Population Pharmacokinetics of Brivaracetam in Patients with Partial Epilepsy
Brigitte Lacroix(1), Philipp von Rosenstiel(2), Maria Laura Sargentini-Maier(1)
(1)Pharmacometrics, Global Exploratory Development, UCB Pharma SA, Braine-l’Alleud, Belgium; (2)UCB Inc, Smyrna, GA, USA
Objectives: To model the population pharmacokinetics of brivaracetam (BRV), a novel antiepileptic drug (AED) in development, in refractory patients with partial epilepsy, in order to identify potential demographic and drug interaction covariates.

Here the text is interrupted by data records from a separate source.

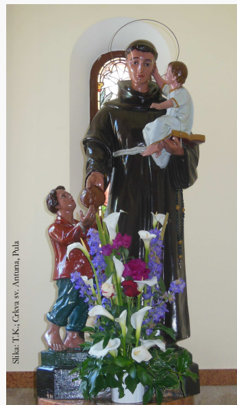
Slikar: T. K. crkva sv. Antonia, Pula

Sveti Antun Padovanski, svetac čitavoga svijeta rođen je 1195. godine u Lisabonu u Portugalu a umro je 13. lipnja 1231. godine u Arcelli kod Padove u Italiji. Zaštitnik je mnogih župa i crkava kao i naše crkve u Waiblingenu i naše zajednice u Backnangu.
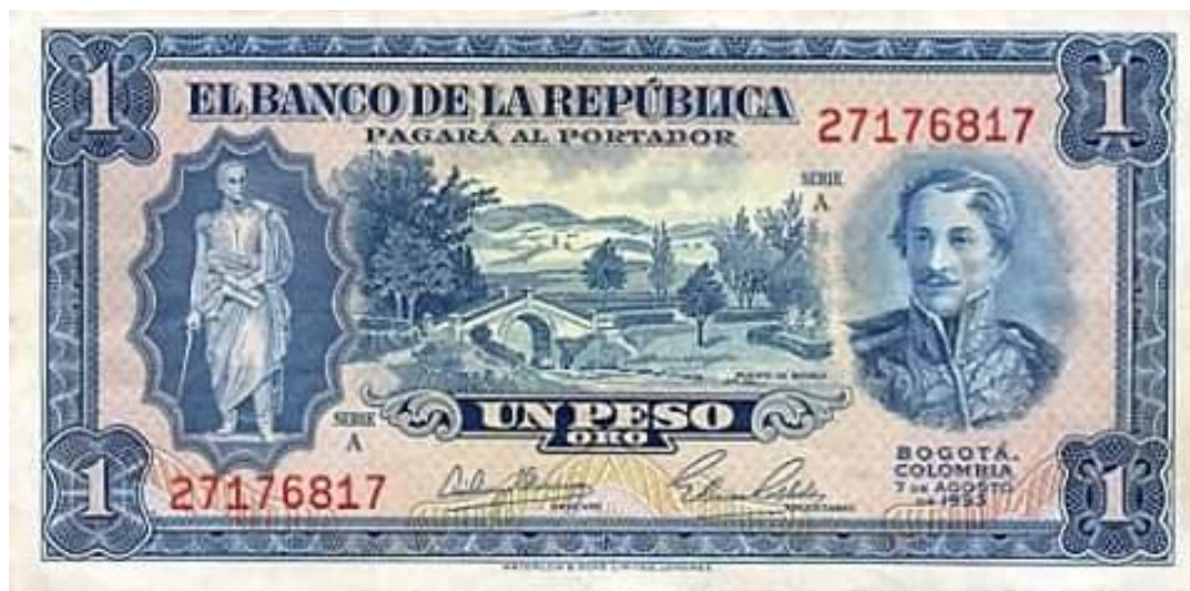
Banco de la República, 1 peso, 1953

En el centro del billete se puede apreciar el simbólico Puente de Boyacá y a los costados las imágenes de los dos más importantes gestores de la Independencia: Simón Bolívar a la izquierda y Francisco de Paula Santander a la derecha.
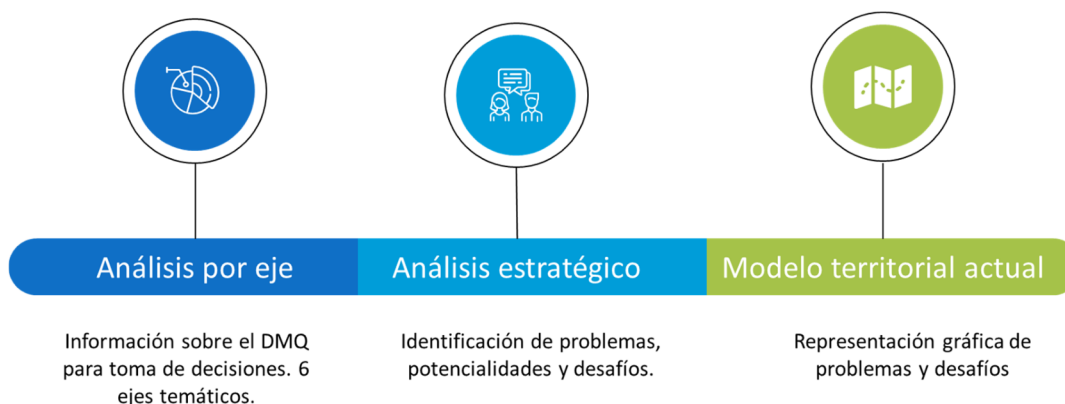
Figura 2. Contenidos de componente de Diagnóstico

Methods: Adult patients with refractory partial-onset seizures received adjunctive BRV BID during 7 to 10 weeks in 2 double-blind, placebo-controlled, parallel-group, dose-ranging studies. The dose levels were 5, 20, 50 mg/day and 50, 150 mg/day in 2 intakes. 2 plasma samples per visit were obtained on 2 to 4 occasions between weeks 3 and 10. BRV concentration-time data were modeled using nonlinear mixed-effect modeling (NONMEM). Bodyweight was included in the base model as an allometric factor of clearance (CL/F) and distribution volume (V/F). Age, gender, race, concomitant AEDs and creatinine clearance (CLcr) were examined as possible covariates to explain inter-individual variability in pharmacokinetic parameters of BRV.

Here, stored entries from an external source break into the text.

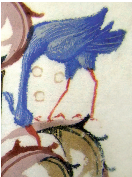
Il. 13. Modlitewnik 83/I, f. 126 v (karta nieukończona) – fragment. Nieukończona postać czapli z wmalowanymi białymi piórkami, widoczne projekty złotych ziarenek w tle
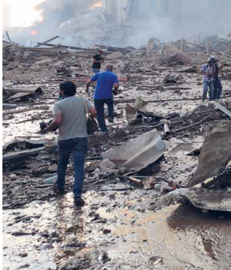
▲ Beirut efter explosionen den 4 augusti 2020.

Du kan bidra genom att swisha valfritt belopp till 123 516 4876 eller sätta in på bg 365-6071.
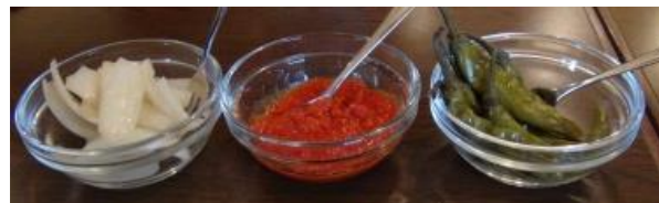
たまねぎのピクルス・サルサ・ハラペーニョ
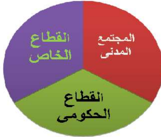
قطاعات المجتمع الثلاثة
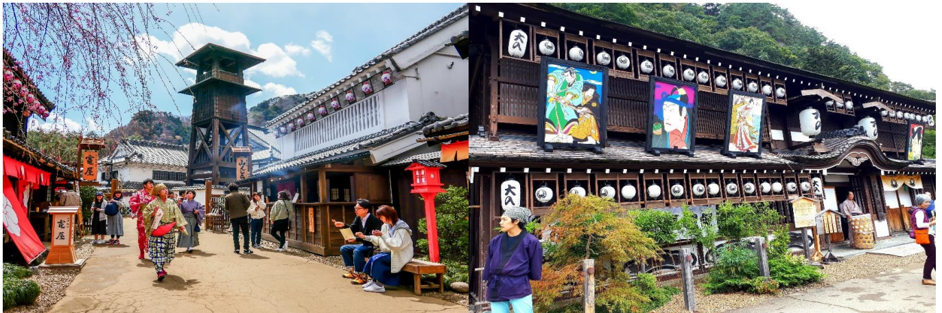
กลางวัน รับประทานอาหารกลางวัน ณ ร้านอาหาร (มื้อที่ 4)

หน้าผาหินโทโนะ เฮทสึริ หน้าผาหินที่ตั้งอยู่ติดกับแม่น้ำโอคาวะ โดยเชื่อกันว่า หน้าผาหินแห่งนี้มีอายุหลายล้านปี และถูกธรรมชาติกัดเซาะในระยะเวลาที่ผ่านมา ทำให้หน้าผาแห่งนี้มีรูปร่าง หน้าตาที่แปลกประหลาดคล้ายๆกับเจดีย์หินขนาดยักษ์ นับเป็นอีกหนึ่งจุดชมวิวที่ทุกท่านไม่ควรพลาด
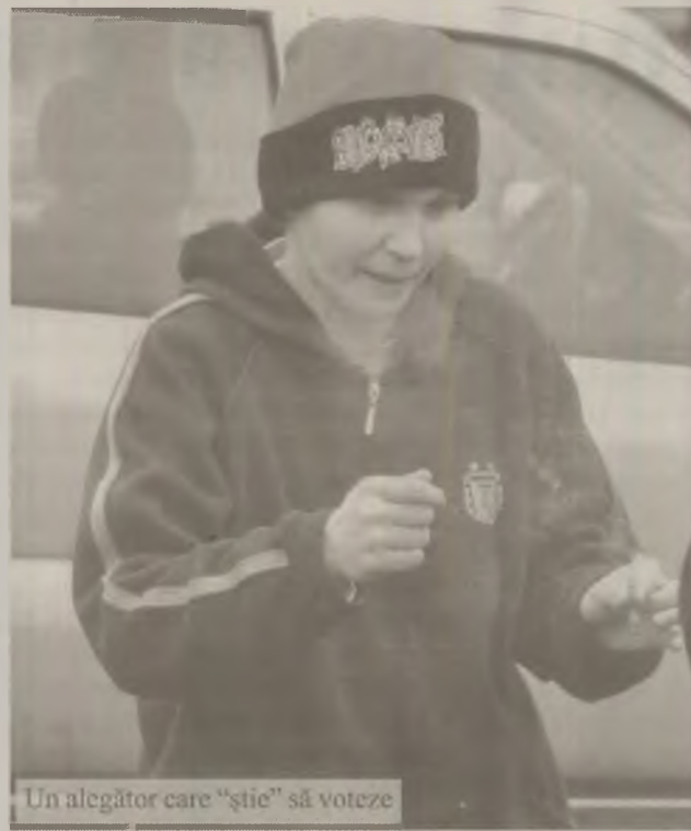
Un alegător care „știe” să voteze

Un număr de 13 persoane cu handicap psihic, dar care nu au fost puse sub interdicție, și-au exercitat dreptul de vot la școala din Păclișa. Numărul electorilor cu probleme psihice nu este oficial ci i-a scăpat președintelui secției involuntar într-o discuție cu jurnaliștii, pen-

Results: 1150 concentration-time records were available in 254 patients (50% male; 60% caucasian) receiving 1 or 2 concomitant AEDs (39 neutral, 98 inducer, 77 inhibitor, and 40 mixed inhibitor/inducer). The mean (range) for weight, age and CLcr was 70 (24-129) kg, 34 (16-65) years and 122 (39-253) mL/min. BRV plasma concentrations were adequately described by a one-compartment model, with low residual variability (20.0% CV). Age, gender, race and CLcr did not influence the pharmacokinetic parameters of BRV. The population mean for V/F was 0.51 L/kg. Concomitant intake of inducer AEDs was a significant covariate for CL/F, resulting in a reduction of inter-individual variability (IIV) from 31% to 24%. The population mean of CL/F was estimated to be 3.63 L/h in absence and 5.15 L/h in presence of inducer AEDs. This effect was predicted to decrease the steady-state AUC of BRV by ~30%. This moderate exposure reduction is likely to be of little clinical relevance, because a dose-response analysis of phase II trial data showed that concomitant inducer AEDs did not influence BRV's efficacy.

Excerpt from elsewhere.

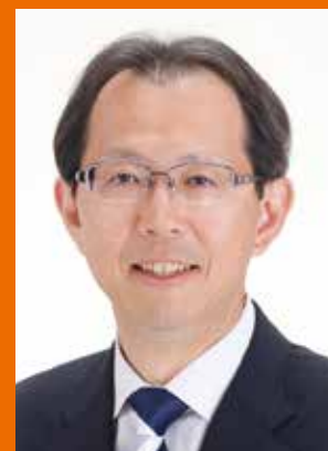
福島県知事 内堀 雅雄
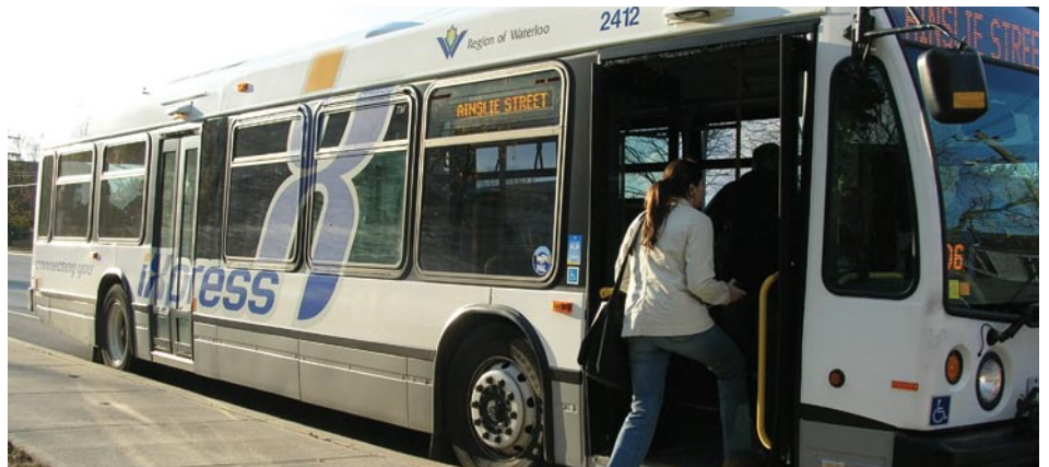
Passagers qui embarquent à la station de la Wilfrid Laurier University.

Conclusions: Most of the inter-individual variability in BRV pharmacokinetics, in an ethnically diverse population of patients, was accounted for by differences in bodyweight and concomitant use of inducer AEDs. Since the identified covariates had a modest influence on pharmacokinetic parameters, BRV is deemed to have a highly predictable exposure in individual subjects. Results suggest that no dose adjustment is required.